▶ [INPUT RECORDS]:

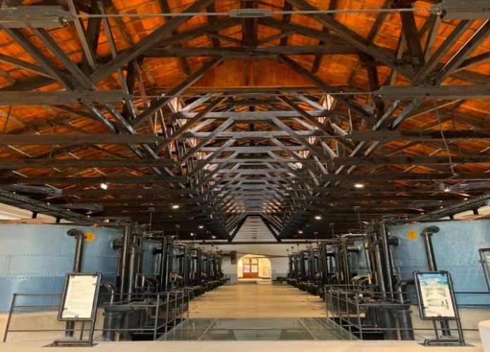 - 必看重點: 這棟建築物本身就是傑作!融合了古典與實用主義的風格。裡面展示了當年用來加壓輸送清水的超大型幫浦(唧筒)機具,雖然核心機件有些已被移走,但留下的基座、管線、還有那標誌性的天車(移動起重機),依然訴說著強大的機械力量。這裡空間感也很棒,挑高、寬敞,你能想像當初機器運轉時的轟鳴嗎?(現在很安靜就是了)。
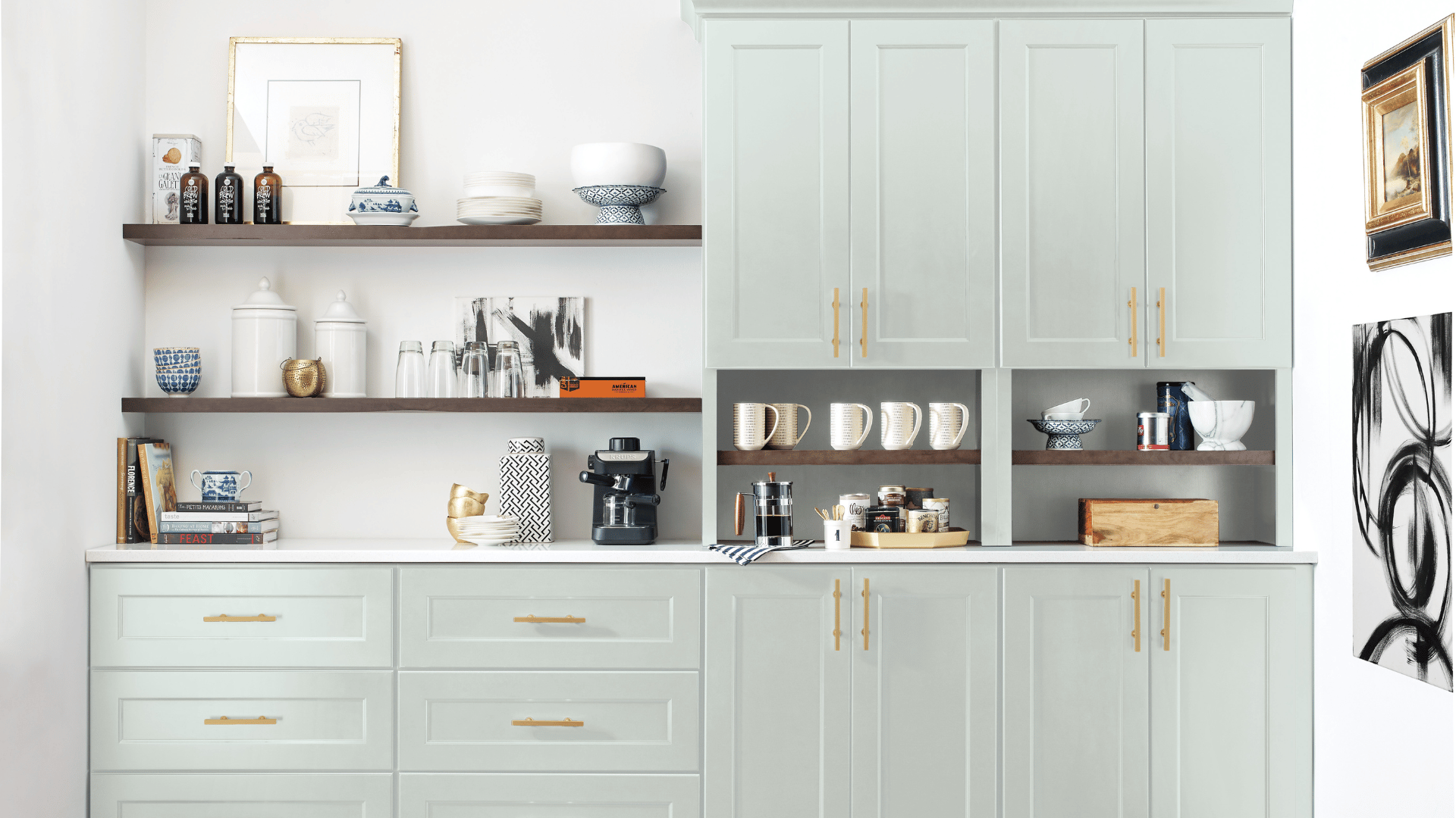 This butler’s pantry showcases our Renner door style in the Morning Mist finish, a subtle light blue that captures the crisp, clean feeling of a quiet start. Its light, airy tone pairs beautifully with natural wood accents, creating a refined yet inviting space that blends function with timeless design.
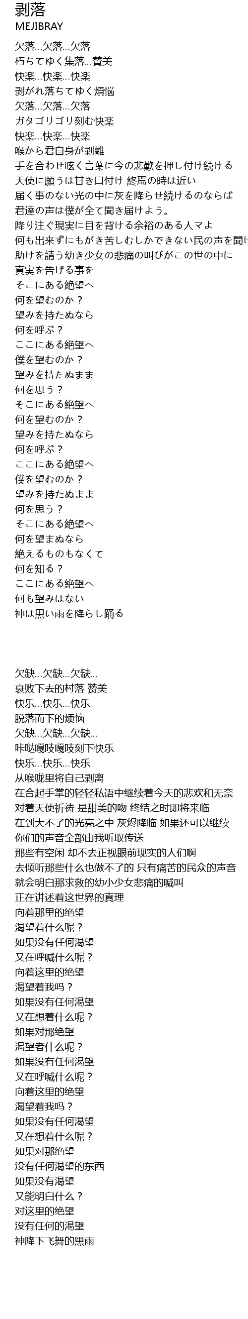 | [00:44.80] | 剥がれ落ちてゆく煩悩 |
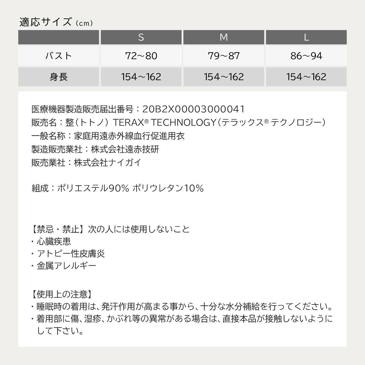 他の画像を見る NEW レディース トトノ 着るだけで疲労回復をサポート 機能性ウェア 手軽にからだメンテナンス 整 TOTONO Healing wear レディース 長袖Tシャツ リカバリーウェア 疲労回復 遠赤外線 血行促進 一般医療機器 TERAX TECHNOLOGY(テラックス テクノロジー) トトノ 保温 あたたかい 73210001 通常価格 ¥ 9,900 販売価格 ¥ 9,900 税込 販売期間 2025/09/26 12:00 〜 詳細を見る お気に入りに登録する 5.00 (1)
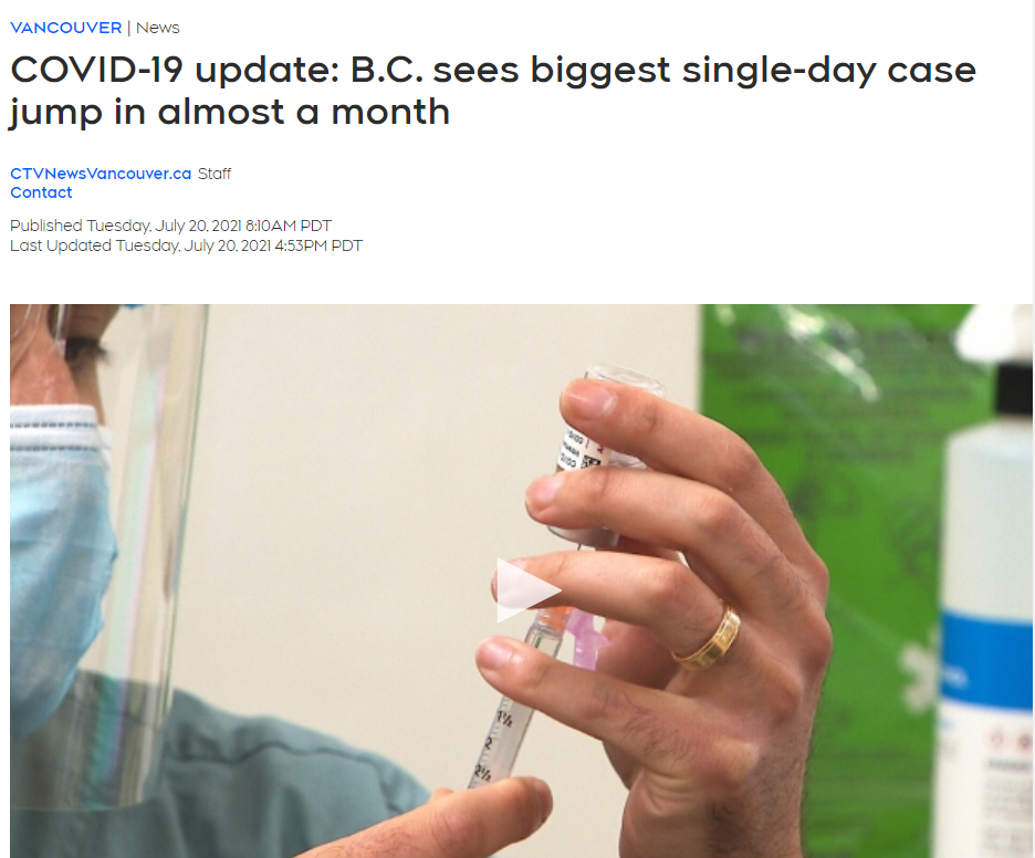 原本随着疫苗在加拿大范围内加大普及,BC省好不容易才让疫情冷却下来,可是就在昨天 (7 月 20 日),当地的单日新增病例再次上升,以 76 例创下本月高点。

--

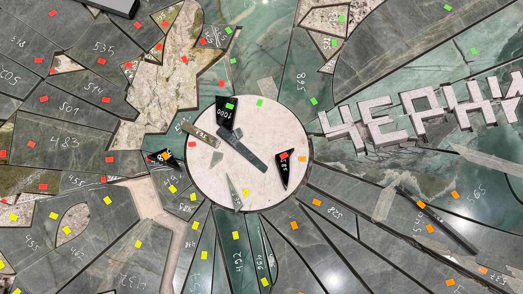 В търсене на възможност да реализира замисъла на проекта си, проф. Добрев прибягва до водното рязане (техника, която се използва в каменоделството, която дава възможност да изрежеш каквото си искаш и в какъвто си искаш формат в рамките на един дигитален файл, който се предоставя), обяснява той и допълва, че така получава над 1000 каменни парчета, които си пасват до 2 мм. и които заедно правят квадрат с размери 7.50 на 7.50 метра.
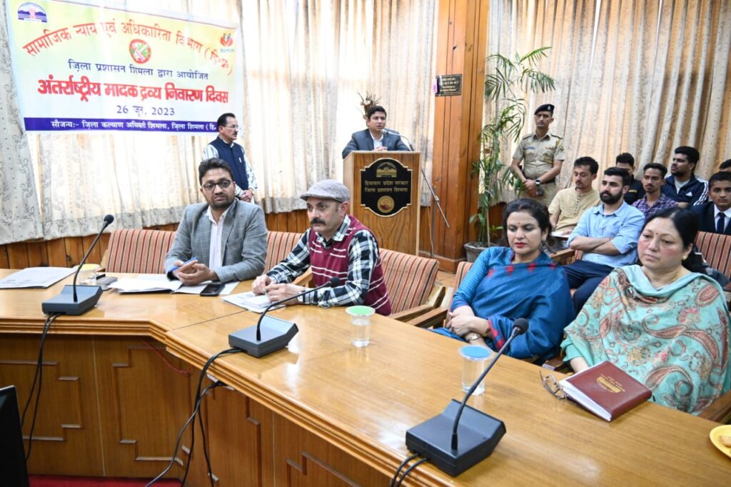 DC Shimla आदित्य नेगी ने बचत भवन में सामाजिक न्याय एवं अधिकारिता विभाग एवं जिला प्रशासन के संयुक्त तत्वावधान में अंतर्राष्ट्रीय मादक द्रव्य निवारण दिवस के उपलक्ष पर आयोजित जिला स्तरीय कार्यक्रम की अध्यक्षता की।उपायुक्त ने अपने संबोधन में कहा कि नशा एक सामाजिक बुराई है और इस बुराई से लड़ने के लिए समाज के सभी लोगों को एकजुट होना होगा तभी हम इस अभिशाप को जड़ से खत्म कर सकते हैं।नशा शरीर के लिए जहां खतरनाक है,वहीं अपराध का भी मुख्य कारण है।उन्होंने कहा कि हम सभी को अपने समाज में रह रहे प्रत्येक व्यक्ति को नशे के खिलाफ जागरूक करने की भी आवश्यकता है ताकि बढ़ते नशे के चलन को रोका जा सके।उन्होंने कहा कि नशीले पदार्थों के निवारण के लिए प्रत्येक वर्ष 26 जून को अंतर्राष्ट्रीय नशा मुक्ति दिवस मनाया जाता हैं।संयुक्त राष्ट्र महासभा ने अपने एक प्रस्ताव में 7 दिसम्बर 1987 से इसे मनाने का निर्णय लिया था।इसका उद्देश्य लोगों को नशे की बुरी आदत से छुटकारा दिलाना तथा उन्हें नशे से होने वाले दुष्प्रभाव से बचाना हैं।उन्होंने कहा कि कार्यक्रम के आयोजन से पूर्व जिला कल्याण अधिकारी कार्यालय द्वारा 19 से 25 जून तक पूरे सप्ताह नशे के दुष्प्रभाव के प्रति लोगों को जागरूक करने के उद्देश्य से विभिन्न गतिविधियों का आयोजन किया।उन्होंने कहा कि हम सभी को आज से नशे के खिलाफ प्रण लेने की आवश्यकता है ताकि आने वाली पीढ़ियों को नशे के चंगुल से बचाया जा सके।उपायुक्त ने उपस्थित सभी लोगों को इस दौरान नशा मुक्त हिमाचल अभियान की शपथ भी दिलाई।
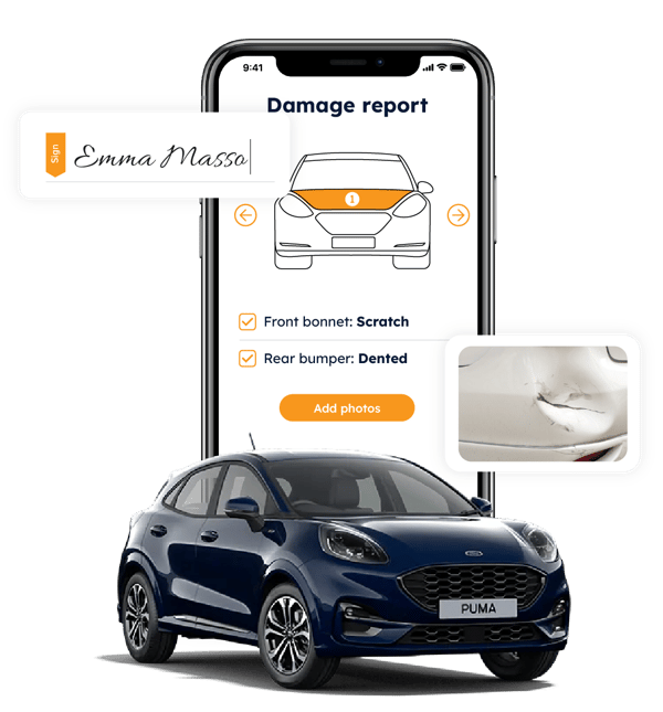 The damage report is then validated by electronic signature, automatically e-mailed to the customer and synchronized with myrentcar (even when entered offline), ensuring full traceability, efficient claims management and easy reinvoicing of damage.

▶ [WHAT IS NEEDED]:
Please transcribe exactly the part of the records that opens with the line containing "This butler’s pantry" and closes with the line containing "原本随着疫苗在加拿大范围内加大普及,BC省好不容易才让疫情冷却下来,可是就在昨天 (7 月", both ends included, and leave out the pictures.

▶ [EXERCISE RESULT]:
 This butler’s pantry showcases our Renner door style in the Morning Mist finish, a subtle light blue that captures the crisp, clean feeling of a quiet start. Its light, airy tone pairs beautifully with natural wood accents, creating a refined yet inviting space that blends function with timeless design.
 | [00:44.80] | 剥がれ落ちてゆく煩悩 |
 他の画像を見る NEW レディース トトノ 着るだけで疲労回復をサポート 機能性ウェア 手軽にからだメンテナンス 整 TOTONO Healing wear レディース 長袖Tシャツ リカバリーウェア 疲労回復 遠赤外線 血行促進 一般医療機器 TERAX TECHNOLOGY(テラックス テクノロジー) トトノ 保温 あたたかい 73210001 通常価格 ¥ 9,900 販売価格 ¥ 9,900 税込 販売期間 2025/09/26 12:00 〜 詳細を見る お気に入りに登録する 5.00 (1)
 原本随着疫苗在加拿大范围内加大普及,BC省好不容易才让疫情冷却下来,可是就在昨天 (7 月 20 日),当地的单日新增病例再次上升,以 76 例创下本月高点。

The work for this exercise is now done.